Prolonged local chemotherapy: The concept of local therapy (delivered directly at the tumor site) as opposed to systemic chemotherapy (delivered through the bloodstream to the tumor) was original to Dr. Brem and Dr. Robert Langer, who in the mid-1970s invented the polymer substrates that make slow-release local chemotherapy possible. After extensive clinical trials, in 1995 Dr. Brem and many collaborators showed that Gliadel (the local anti-cancer agent) significantly prolonged life after surgery for patients with glioblastoma.
Now, surgery for tumor removal that is as complete as possible, radiation, and Gliadel all are standard therapies. A new drug, Temodar, also is effective and looks promising as both an adjunct and alternative to Gliadel.
In spite of these advances, malignant gliomas still are dangerous tumors and most patients will not survive them beyond a few years. Benign gliomas slowly grow, producing disabilities, and eventually are also fatal. Surgery might extend survival 9 or 10 months. Gliadel extends this by two to three months, on average. But there is a little more hope now—and there is a small group of people who survive much longer.
Current therapy provides at least some hope of meaningful survival and cure. Still it is clear that we need more effective treatment for gliomas of all kinds. Development of better therapies is critical.
There are some new avenues of treatment that appear to be especially promising (see sidebar stories). There also are newer forms of radiation that may be helpful. The Gamma Knife, the Cyber Knife and a focused linear accelerator beam are examples of radiation therapies that can closely target the tumor, delivering less (or no) radiation to the surrounding normal brain. The use of radiation with protons has been restricted to two centers but soon will be available commercially. Much research is under way in how to make tumor cells more sensitive to radiation. All have great promise to improve outcomes for patients with gliomas.
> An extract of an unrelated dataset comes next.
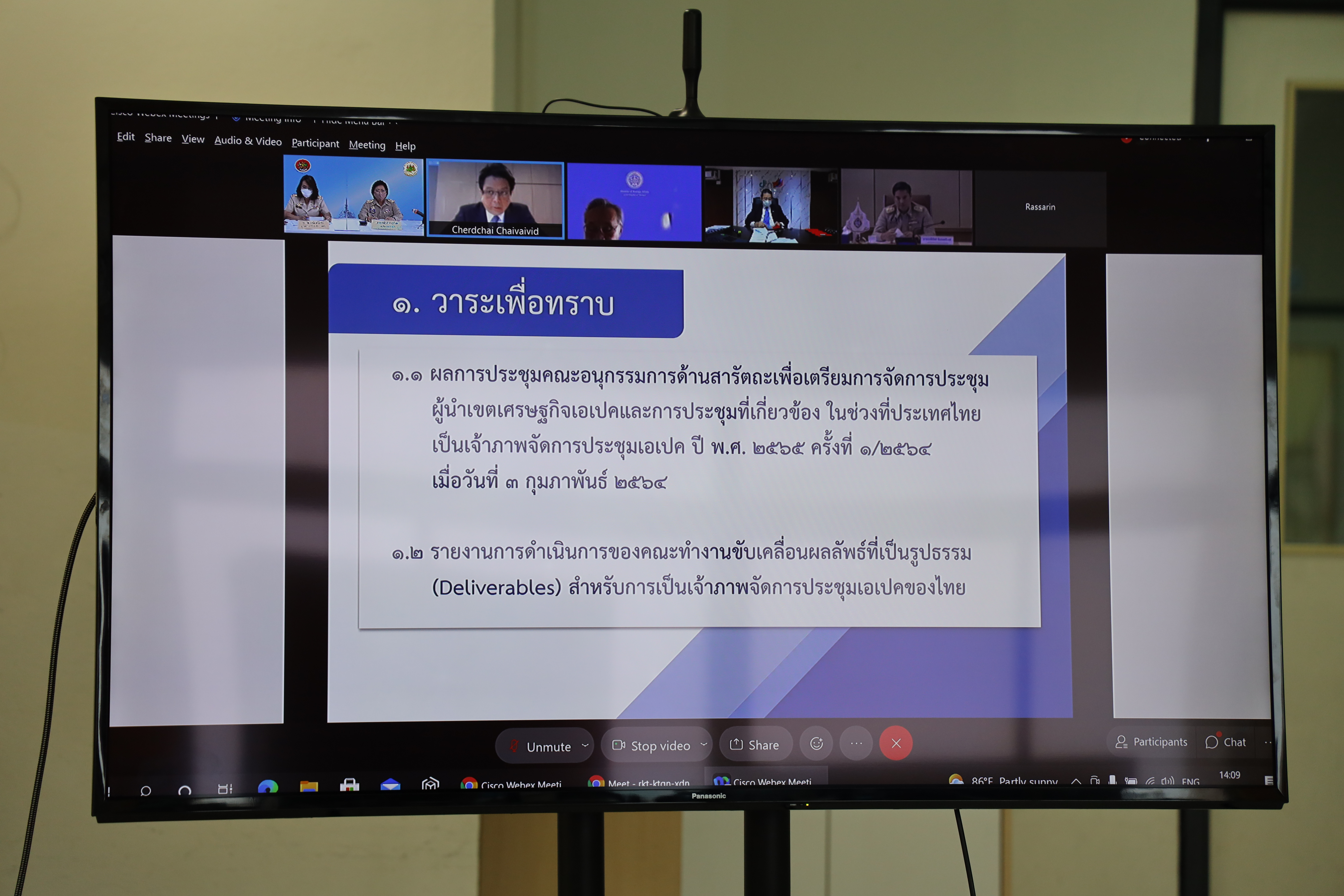 สำหรับการประชุมในวันนี้ ที่ประชุมรับทราบประเด็นสำคัญ 3 ด้าน ได้แก่ 1) ด้านการส่งเสริมการเจริญเติบโตที่ครอบคลุม 2) ด้านการอำนวยความสะดวกด้านการค้าและการลงทุน และ 3) ด้านการฟื้นฟูความเชื่อมโยง โดยเฉพาะการเดินทางและการท่องเที่ยว โดยกระทรวงที่รับผิดชอบรายงานความคืบหน้าการเตรียมการเกี่ยวกับผลลัพธ์ที่เป็นรูปธรรม (Key Deliverables) ที่ประกอบไปด้วย 1) การจัดทำ Bangkok Goals on BCG 2) การขับเคลื่อนการจัดทำเขตการค้าเสรีเอเชีย-แปซิฟิก (FTAAP) และ 3) การจัดทำ APEC Frequent Travel Card AFTC ต่อยอดจากบัตรเดินทางสำหรับนักธุรกิจเอเปค (ABTC) และคณะอนุกรรมการด้านสารัตถะฯ มีมติเห็นชอบ และที่ประชุมรับทราบความคืบหน้าการเตรียมการเป็นเจ้าภาพเอเปคของไทยในปี 2565 ในด้านพิธีการและอำนวยการ ด้านการรักษาความปลอดภัยและการจราจร และด้านประชาสัมพันธ์

I think the genetic approaches exemplified by the work of Dr. Lesniak (first sidebar) and the novel techniques described by Dr. Gallia (second sidebar) are excellent examples of the future for treatment of malignant (and other) gliomas. Identifying and mass producing viral vectors that are safe is key to effective gene therapy in this area. Vaccines might become reality. More research with local delivery of improved drugs should follow Gliadel. Some or all of these newest concepts soon should offer more regular, dramatic successes than we see now.
Surgery, steroids, radiation therapy and local chemotherapy have all improved survival rates by small increments. A universally fatal disease has become treatable, with hope of cure for some. It is likely that the new treatments will provide a much greater chance of cure for all.